» **Data under study**:

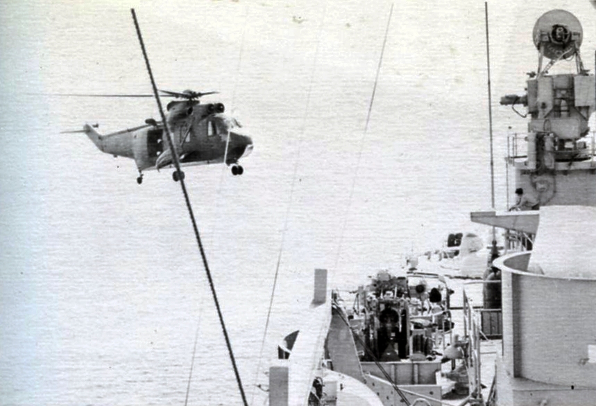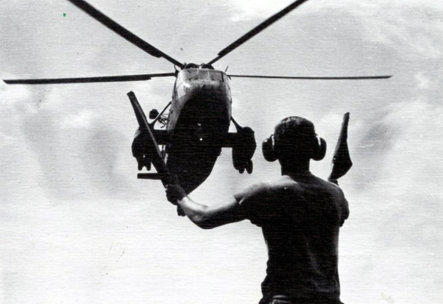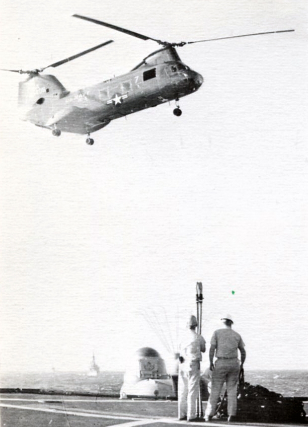 Helicopters did much more for Biddle, of course, than give the intelligence nerd rides. They brought us supplies, movies, mail. Sometimes they landed on our helo deck, sometimes they hovered and lowered materiel to the deck. Those were brief visits.
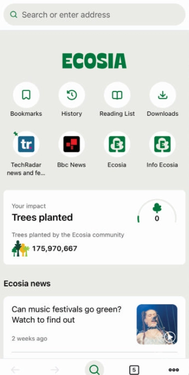 Ecosia不会永久保存搜索记录,不会把数据卖给广告商,也不会使用外部的跟踪工具。
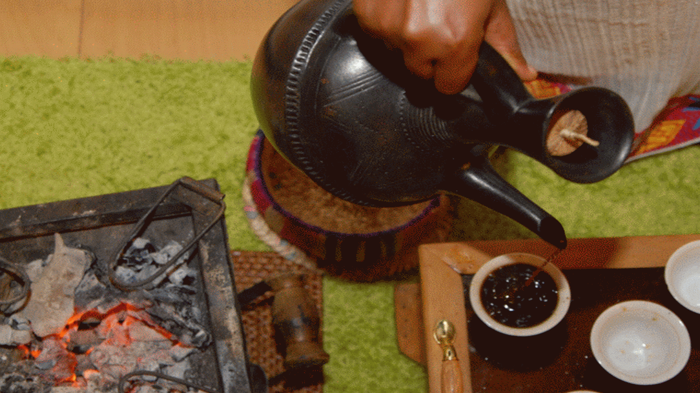 • Wir laden Sie für eine äthiopische Kaffeezeremonie ein.
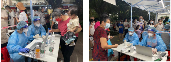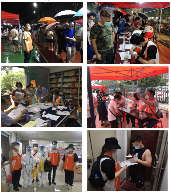 530日中午集结队伍到晚上10点多结束,我亲历并亲眼见证了核酸检测点的所有工作人员义无反顾、风雨无阻的坚守。在烈日酷暑和风雨交加之下,我们的队员坚持紧张有序而又耐心细致的站立引导,看着漫长的队伍一刻也不敢歇息。社区居民自动自觉参加检测,排队井然有序,许多居民面对工作人员都会说声“你们辛苦了”,更多的社区一线工作人员、医护人员日夜奋战在岗位上……这些场景无不令人动容。
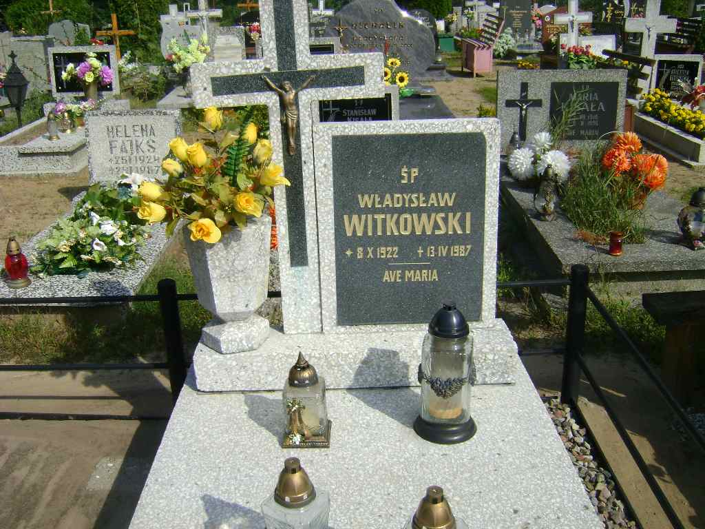 Grób: I.9.12 Witkowski Władysław ur.:08-10-1922 zm.:13-04-1987 Witkowska Anna ur.:15-07-1921 zm.:15-02-2014 |
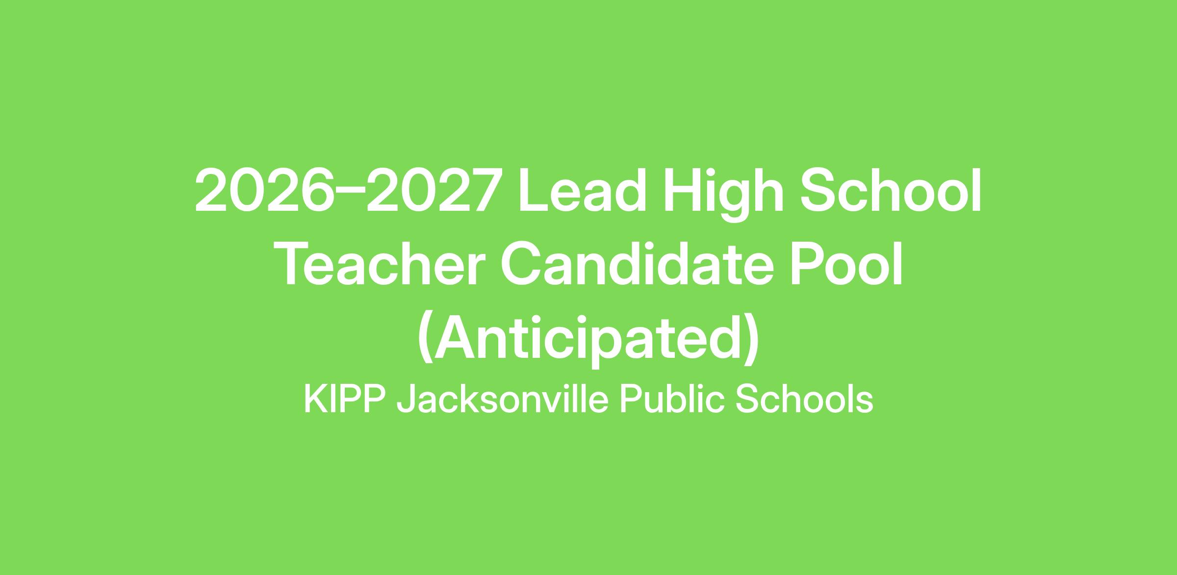 KIPP Jacksonville Public Schools seeks high school teachers for our 9th-12th grade classrooms in the 2026-2027 school year. We are building a candidate pool for Lead High School teachers anticipated for the 2026–2027 school year across our network. While this is not a guarantee of placement, selected candidates in the pool may be invited to interview when openings arise.
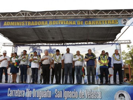 San Ignacio de Velasco, 22 de septiembre. El Presidente del Estado Plurinacional de Bolivia, Evo Morales Ayma, junto al Presidente Ejecutivo del Fondo para el Desarrollo de la Cuenca del Plata (FONPLATA), Juan Notaro, el Gobernador del Departamento de Santa Cruz, Ruben Costas; y otras autoridades...
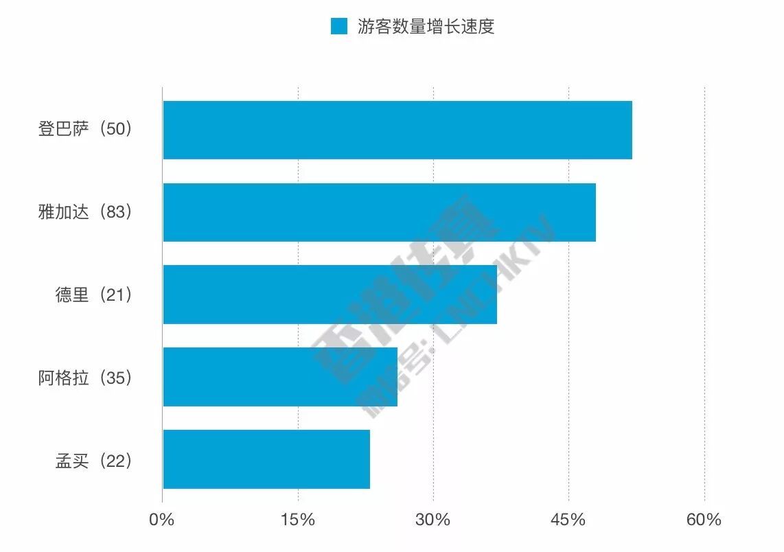 值得一提的是,印度尼西亚的登巴萨作为巴厘岛的港口城市,位于首位,这得益于印尼放宽了对中国的签证措施,赢得了大量中国游客的青睐。另外,由于印度2014年出台了电子签证政策,新德里在2017年比2016年增加了280万的游客数量。
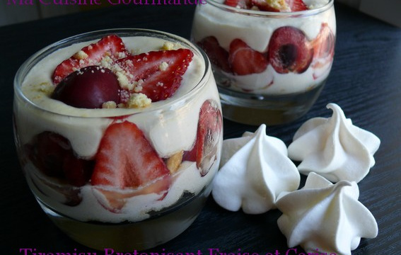 Une crème au mascarpone vanillé, des fraises, des cerises et des brisures de galette bretonne...miom!
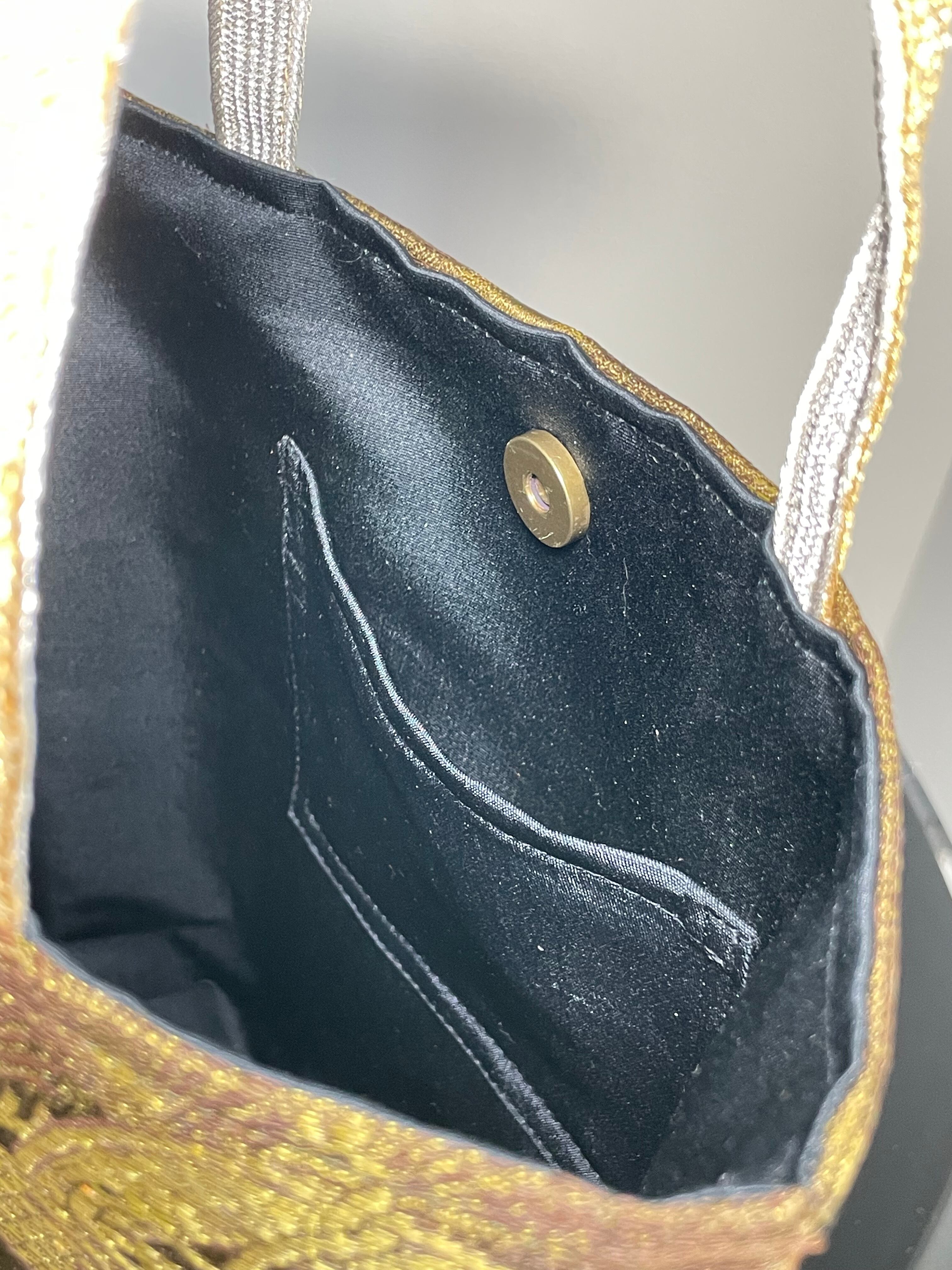 内布は帯の裏地を使用し、マグネットボタンとポケットをおつけしました。
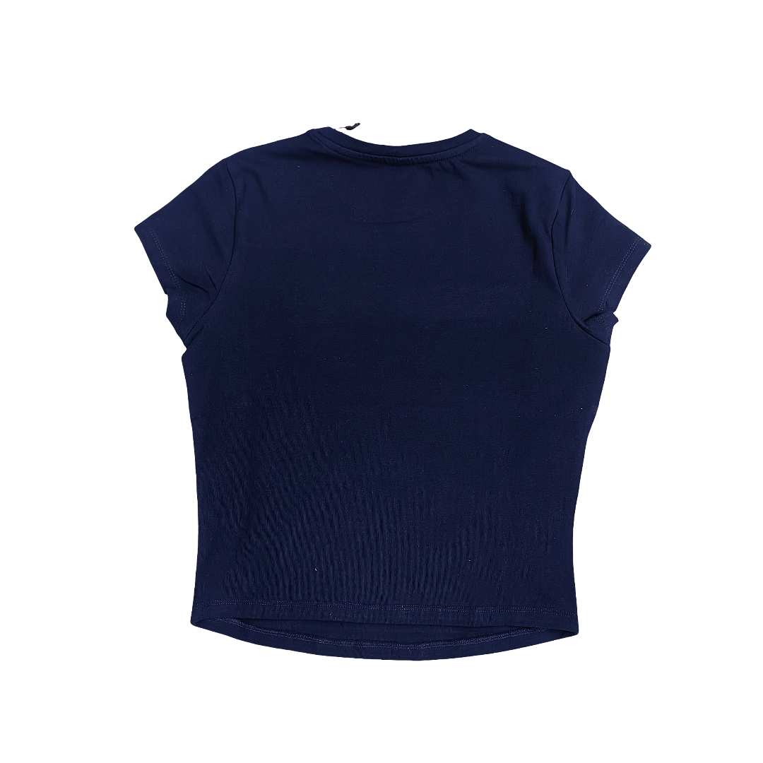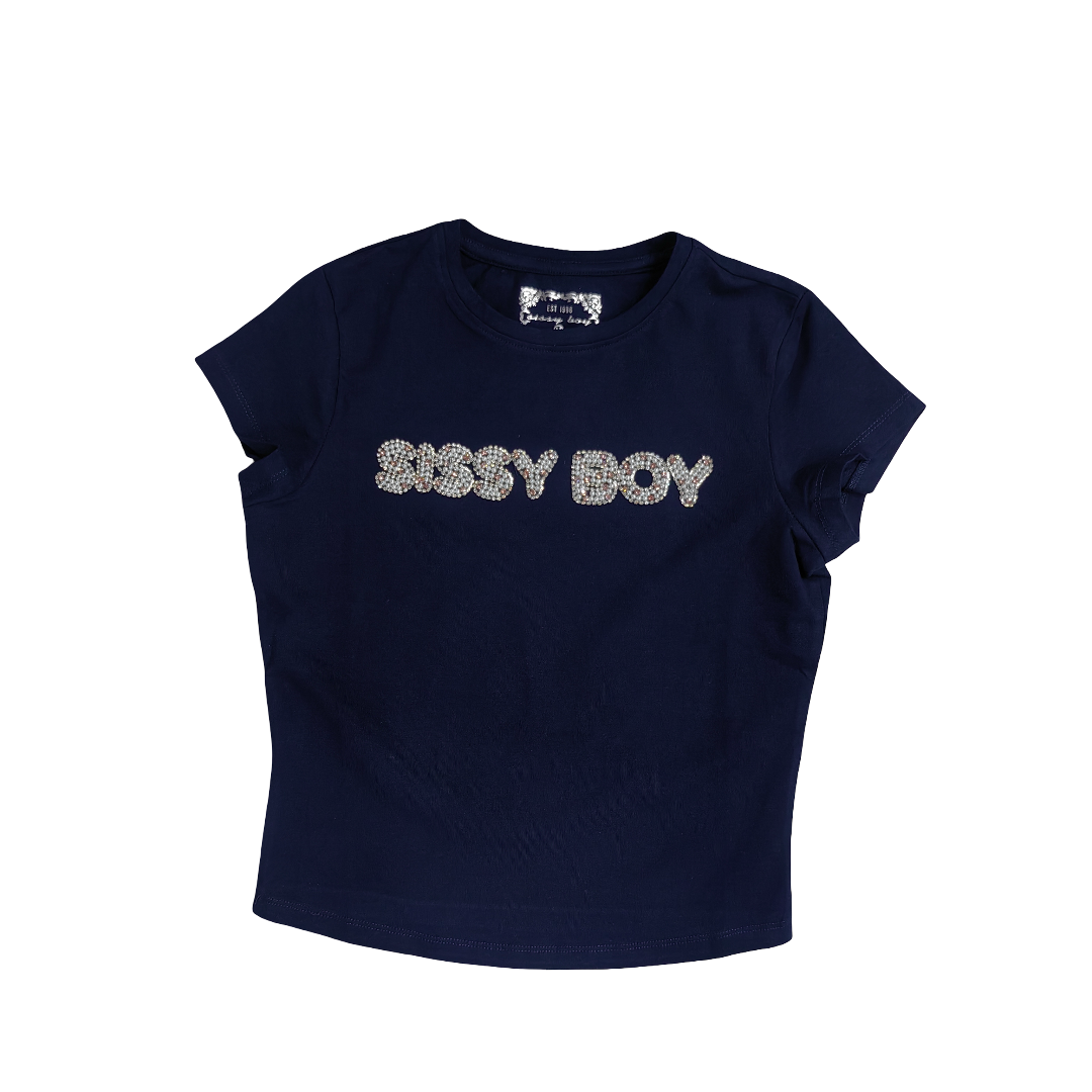 The SISSYBOY T32850 Navy T-shirt features a stylish navy base with a pink and pearl-embellished logo transfer, combining effortless comfort with a touch of sparkle for a chic, versatile everyday look.
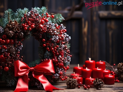 Boże Narodzenie, Kokarda, Wieniec, Świece, Czerwone
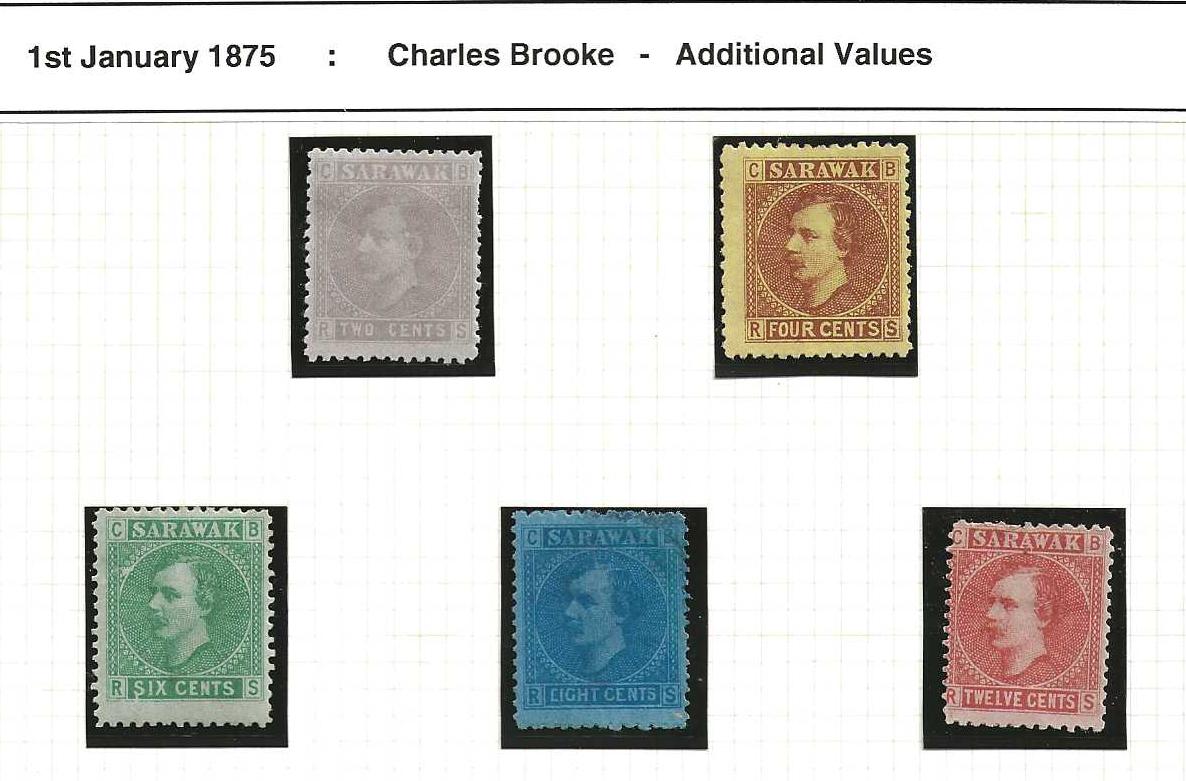 Sarawak 1871 Two Cents to Twelve Cents mint. Stamps issued with no gum. SG 3/7. Cat £55.
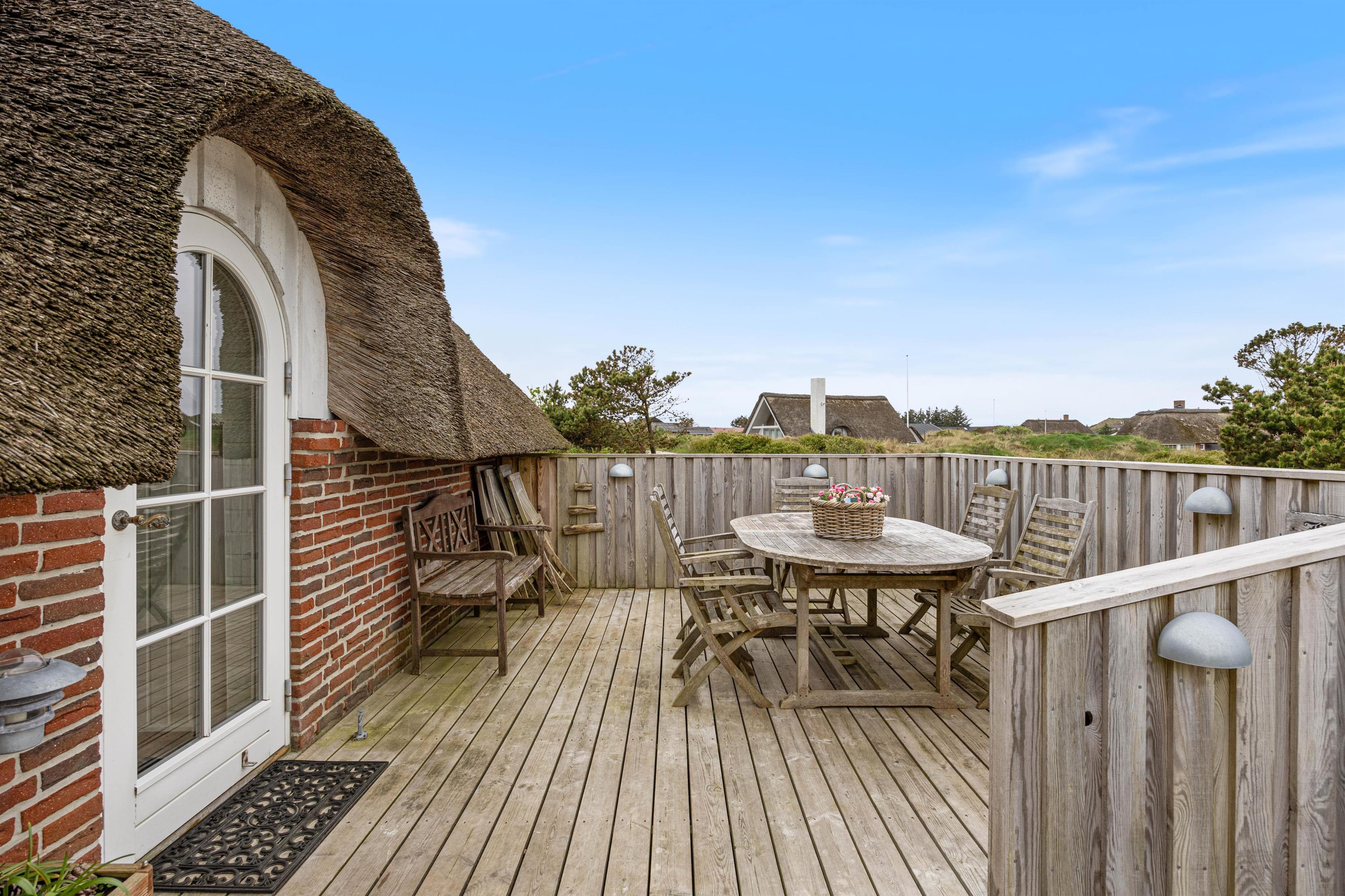 Når I træder indenfor i det stråtækte sommerhus på Hjelmevej, vil I blive mødt af en hyggelig og stemningsfuld atmosfære, der oser af romantisk sommerhusidyl. Indtrykket er lyst og venligt, hvilket skyldes de lyse trælofter og vægge, de store vinduespartier og det lette og romantiske interiør. Her er intet overladt til tilfældighederne, og alt fremstår velholdt og nøje udvalgt.

» **Brief**: Restate the data word for word while omitting each picture.

» **Task output**:
 Helicopters did much more for Biddle, of course, than give the intelligence nerd rides. They brought us supplies, movies, mail. Sometimes they landed on our helo deck, sometimes they hovered and lowered materiel to the deck. Those were brief visits.
 Ecosia不会永久保存搜索记录,不会把数据卖给广告商,也不会使用外部的跟踪工具。
 • Wir laden Sie für eine äthiopische Kaffeezeremonie ein.
 530日中午集结队伍到晚上10点多结束,我亲历并亲眼见证了核酸检测点的所有工作人员义无反顾、风雨无阻的坚守。在烈日酷暑和风雨交加之下,我们的队员坚持紧张有序而又耐心细致的站立引导,看着漫长的队伍一刻也不敢歇息。社区居民自动自觉参加检测,排队井然有序,许多居民面对工作人员都会说声“你们辛苦了”,更多的社区一线工作人员、医护人员日夜奋战在岗位上……这些场景无不令人动容。
 Grób: I.9.12 Witkowski Władysław ur.:08-10-1922 zm.:13-04-1987 Witkowska Anna ur.:15-07-1921 zm.:15-02-2014 |
 KIPP Jacksonville Public Schools seeks high school teachers for our 9th-12th grade classrooms in the 2026-2027 school year. We are building a candidate pool for Lead High School teachers anticipated for the 2026–2027 school year across our network. While this is not a guarantee of placement, selected candidates in the pool may be invited to interview when openings arise.
 San Ignacio de Velasco, 22 de septiembre. El Presidente del Estado Plurinacional de Bolivia, Evo Morales Ayma, junto al Presidente Ejecutivo del Fondo para el Desarrollo de la Cuenca del Plata (FONPLATA), Juan Notaro, el Gobernador del Departamento de Santa Cruz, Ruben Costas; y otras autoridades...
 值得一提的是,印度尼西亚的登巴萨作为巴厘岛的港口城市,位于首位,这得益于印尼放宽了对中国的签证措施,赢得了大量中国游客的青睐。另外,由于印度2014年出台了电子签证政策,新德里在2017年比2016年增加了280万的游客数量。
 Une crème au mascarpone vanillé, des fraises, des cerises et des brisures de galette bretonne...miom!
 内布は帯の裏地を使用し、マグネットボタンとポケットをおつけしました。
 The SISSYBOY T32850 Navy T-shirt features a stylish navy base with a pink and pearl-embellished logo transfer, combining effortless comfort with a touch of sparkle for a chic, versatile everyday look.
 Boże Narodzenie, Kokarda, Wieniec, Świece, Czerwone
 Sarawak 1871 Two Cents to Twelve Cents mint. Stamps issued with no gum. SG 3/7. Cat £55.
 Når I træder indenfor i det stråtækte sommerhus på Hjelmevej, vil I blive mødt af en hyggelig og stemningsfuld atmosfære, der oser af romantisk sommerhusidyl. Indtrykket er lyst og venligt, hvilket skyldes de lyse trælofter og vægge, de store vinduespartier og det lette og romantiske interiør. Her er intet overladt til tilfældighederne, og alt fremstår velholdt og nøje udvalgt.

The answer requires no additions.